Notifly addresses this with three layers:

1. Active TCP/HTTP monitoring of the vector DB

Section titled “1. Active TCP/HTTP monitoring of the vector DB”

Most popular vector-DBs expose /health or at least an open port. Set up an active monitor:

// Qdrant Cloud
{
"kind": "http",
"target": "https://your-cluster.qdrant.tech:6333/healthz",
"intervalSec": 60,
"alertMessage": "Qdrant не отвечает — RAG будет возвращать пустые ответы"
}
// Self-hosted Weaviate
{
"kind": "http",
"target": "https://weaviate.example.com/v1/.well-known/ready",
"intervalSec": 60,
"consecutiveFails": 3
}
// Pinecone (status API)
{
"kind": "http",
"target": "https://status.pinecone.io/api/v2/status.json",
"intervalSec": 120
}
// Self-hosted with Postgres+pgvector
{
"kind": "postgres",
"target": "vec.example.com:5432",
"intervalSec": 60
}

See the full list of supported kinds in the monitors.

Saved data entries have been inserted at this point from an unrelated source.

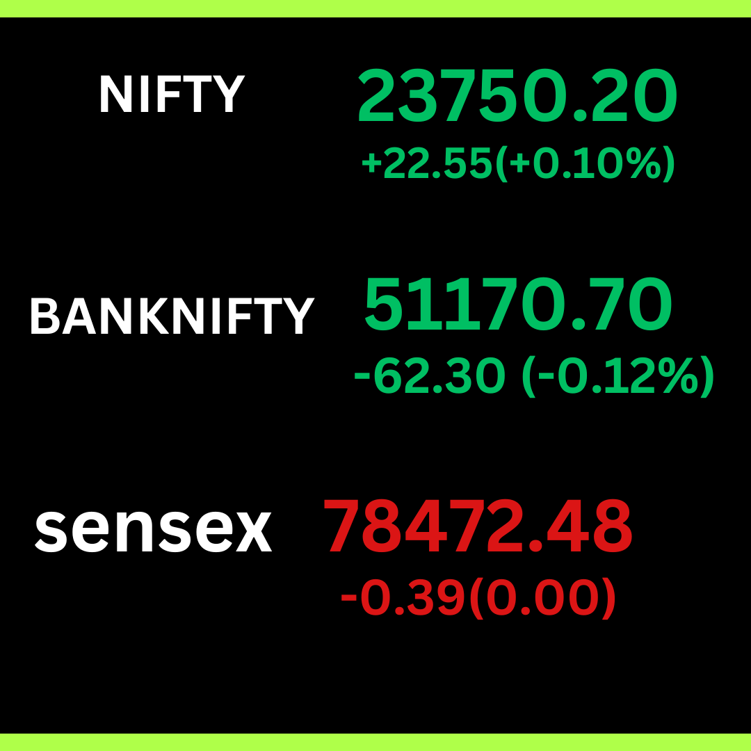 निफ्टी 23750 पर बंद हुआ जो की पिछले दिन से 22.55 पॉइंट बढ़त के साथ बंद हुआ और बैंक निफ्टी 51170 पर बंद हुआ जो किम पिछले दिन के बंद से 62.30 पॉइंट नीचे बंद हुआ जबकि sensex अपने पिछले दिन के बंद 78472 के पास ही बंद हुआ है
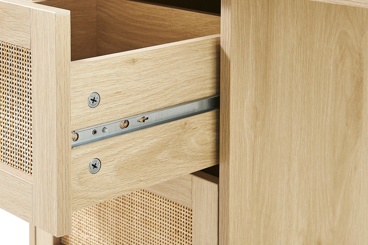 The light wood-look finish and real rattan detailing bring warmth and character to your home. It’s a stylish and functional addition that complements both modern and coastal-inspired interiors.
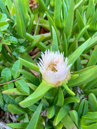 Hottentot-fig ice plant (Carpobrotus edulis) white yellowish flowers
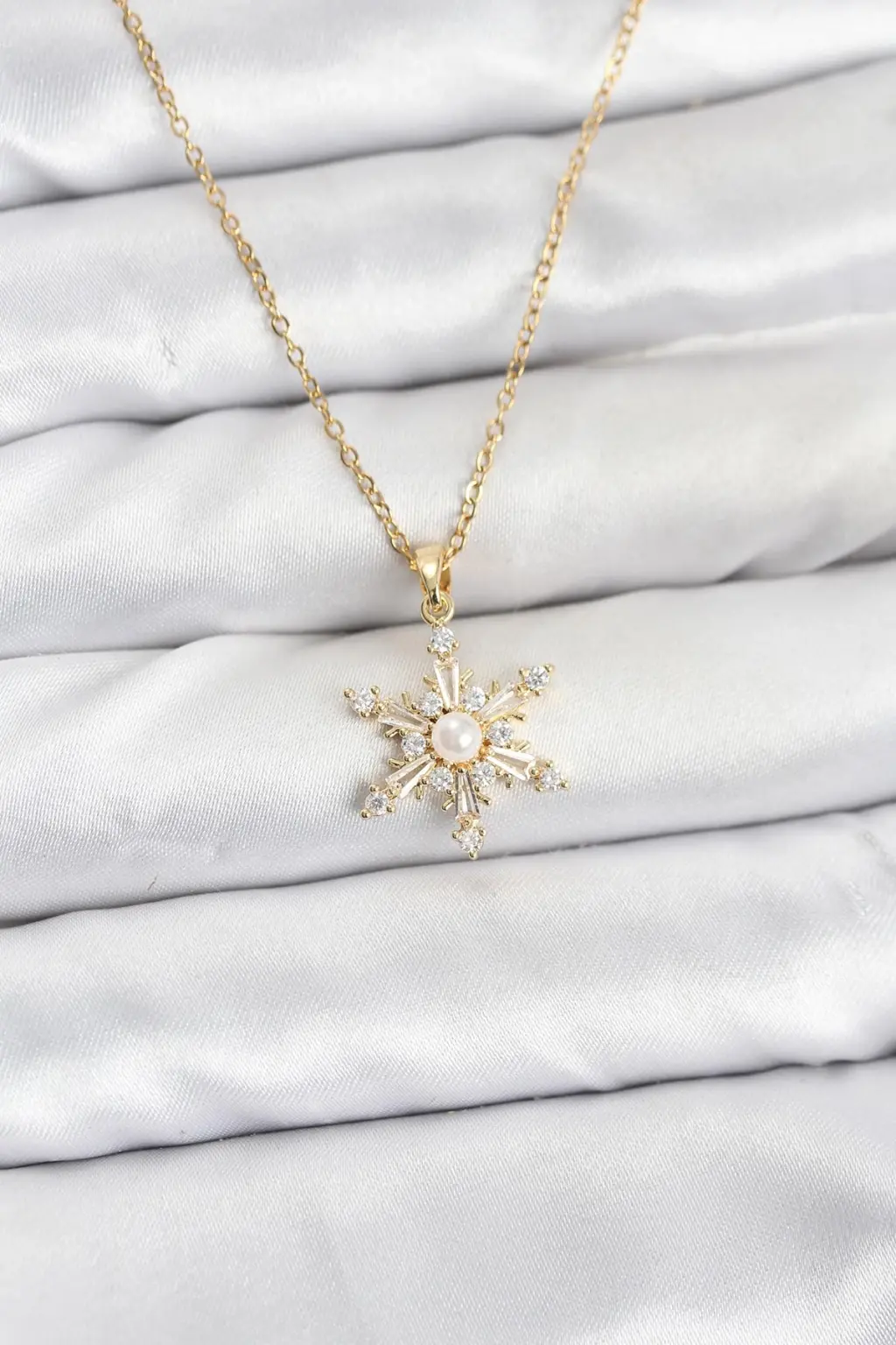 316L Çelik Zincir Gold Renk Kar Tanesi Model Zirkon Taşlı Kadın Kolye Eşşiz tasarımıyla sizlerle. En uygun fiyat garantili kararmaz modelimiz karşınızda.

/health is green, but the collection is corrupted / the request quota is exhausted? A small cloud function with a timer trigger that performs a real search and compares the number of results:

import os, requests, time
from qdrant_client import QdrantClient
q = QdrantClient(url=os.environ["QDRANT_URL"], api_key=os.environ["QDRANT_KEY"])
CANARY_VEC = [0.0] * 1536 # any stable vector
EXPECTED_MIN = 5 # we know the collection has > 5 chunks
def handler(event, context):
t0 = time.time()
try:
hits = q.search(collection_name="docs", query_vector=CANARY_VEC, limit=10)
except Exception as e:
notify("❌ Qdrant search", f"{type(e).__name__}: {e}", 9)
return {"statusCode": 200}
ms = int((time.time() - t0) * 1000)
if len(hits) < EXPECTED_MIN:
notify("⚠️ Qdrant пустые результаты",
f"Получено {len(hits)} (ожидалось ≥ {EXPECTED_MIN}) за {ms} мс",
priority=8)
elif ms > 1500:
notify("⏱️ Qdrant медленно",
f"Поиск занял {ms} мс. Проверьте размер индекса и шарды.",
priority=6)
return {"statusCode": 200}
def notify(t, m, prio):
requests.post(f"{os.environ['NOTIFLY_URL']}/message",
params={"token": os.environ["NOTIFLY_TOKEN"]},
json={"title": t, "message": m, "priority": prio},
timeout=5)

Same approach for Weaviate (client.query.get(...)), Pinecone (index.query(...)) and pgvector (SELECT ... <-> $1 LIMIT 10).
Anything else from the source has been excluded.